The p-Regions Problem

The task

The p-regions problem is defined as a regionalization task where the number of regions (clusters) is known. This number is often denoted by p in the literature, hence the name of the problem. The goal is to construct regions with a large degree of similarity among a region’s areas and with large dissimilarities between regions. Furthermore, each region has to consist of spatially contiguous areas. This condition distinguishes regionalization algorithms from conventional clustering algorithms like the k-Means-algorithm.

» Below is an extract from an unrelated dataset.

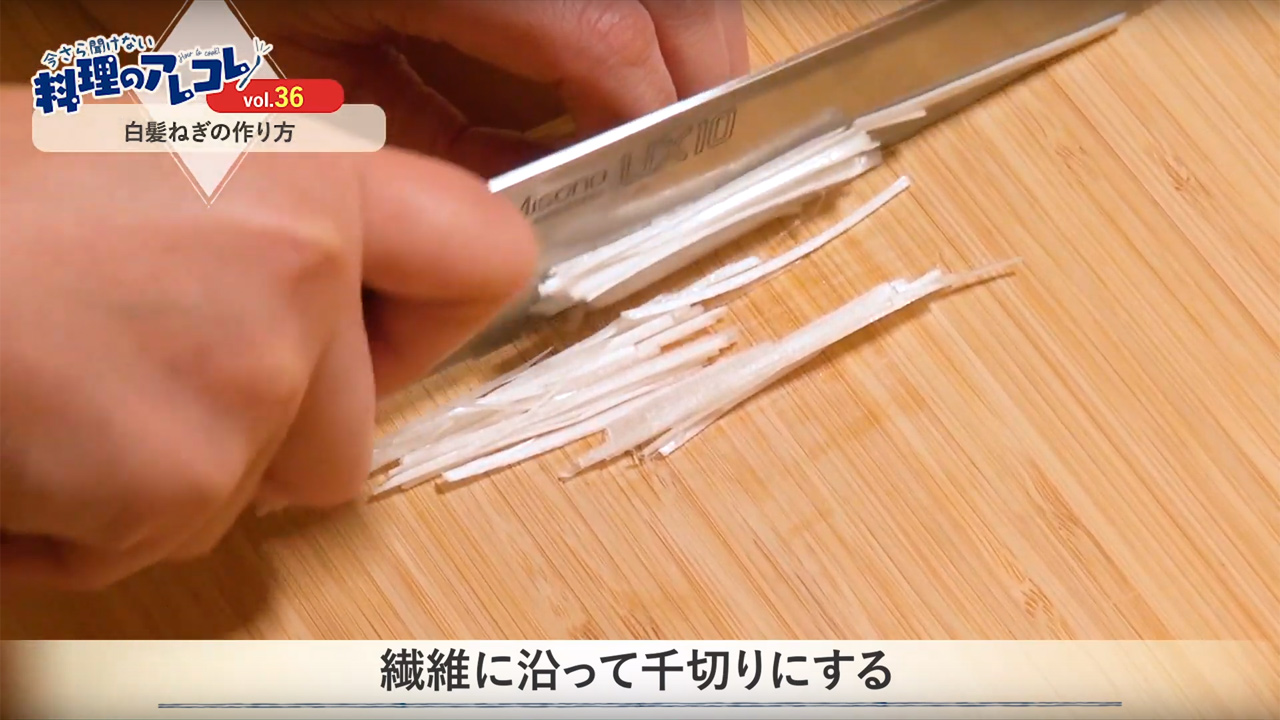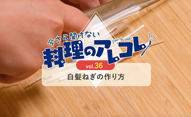 「うちのご飯は世界イチ」の番外編、お料理の基本をご紹介するミニレッスンへようこそ。第36回は「白髪ねぎの作り方」です。料理の飾りや食感・味のアクセントになる白髪ねぎの作り方をご紹介します。
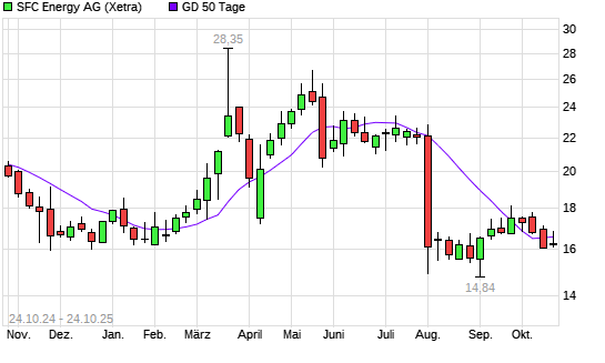 Mit dem Rücksetzer auf 16,10 EUR hat die SFC Energy-Aktie am 23.10.2025 die 50-Tage-Linie nach unten gekreuzt.Die SFC Energy-Aktie befindet sich seit dem 31.07.2025 im langfristigen Abwärtstrend ...weiterlesen

There are many approaches to solving the p-regions problem. One way to solve it is to translate it into an mixed integer program and solve it exactly while another category of algorithms comprises heuristic approaches.

An example

Let’s have a look at an example. Assume we have a map of 3 x 3 areas. Each area has an attribute and the situation looks as follows:

 726.7 | 623.6 | 487.3
----------------------
 200.4 | 245.0 | 481.0
----------------------
 170.9 | 225.9 | 226.9

Furthermore, assume we want to cluster the areas into two regions. A possible solution could have all areas with an attribute value greater than 300 clustered into one region. The remaining areas would then form the other region. Here we see our nine areas again but this time each number denotes what region an area belongs to:

    1  |   1   |   1
----------------------
    0  |   0   |   1
----------------------
    0  |   0   |   0

Defining the above input data, calculating the solution and plotting two maps (with the color once indicating the areas’ attribute values and once their calculated region) takes only a few lines of code – check it out.

Exact methods

[DCM2011] describe three different ways to translate a p-regions problem into exact optimization models and call these approaches Flow, Order, and Tree respectively. While the objective function of these models ensures maximum homogeneity within the regions, the models’ constraints ensure that the resulting regions are spatially contiguous. Implementations for all of the three approaches are available through the region.p_regions.exact.PRegionsExact class. For detailed information on the three different methods please refer to [DCM2011].

Heuristic methods

While exact approaches ensure optimality, they can be rather slow in delivering the solution. That’s why – especially for clustering tasks including many areas – it may be preferable to use an heuristic approach. Many heuristic algorithms have been designed aiming for a high probability of a good solution while keeping the run times low.

This category of algorithms includes the AZP described in [OR1995]. One drawback of this algorithm is that it can get caught in a local optimum and thus may fail to reach the global optimum. That’s why [OR1995] also present three more algorithms which aim to improve results. These algorithms use simulated annealing, a basic tabu queue, or a reactive tabu queue. You can find the implementations in the region.p_regions.azp module. For detailed information on the four different algorithms please refer to [OR1995].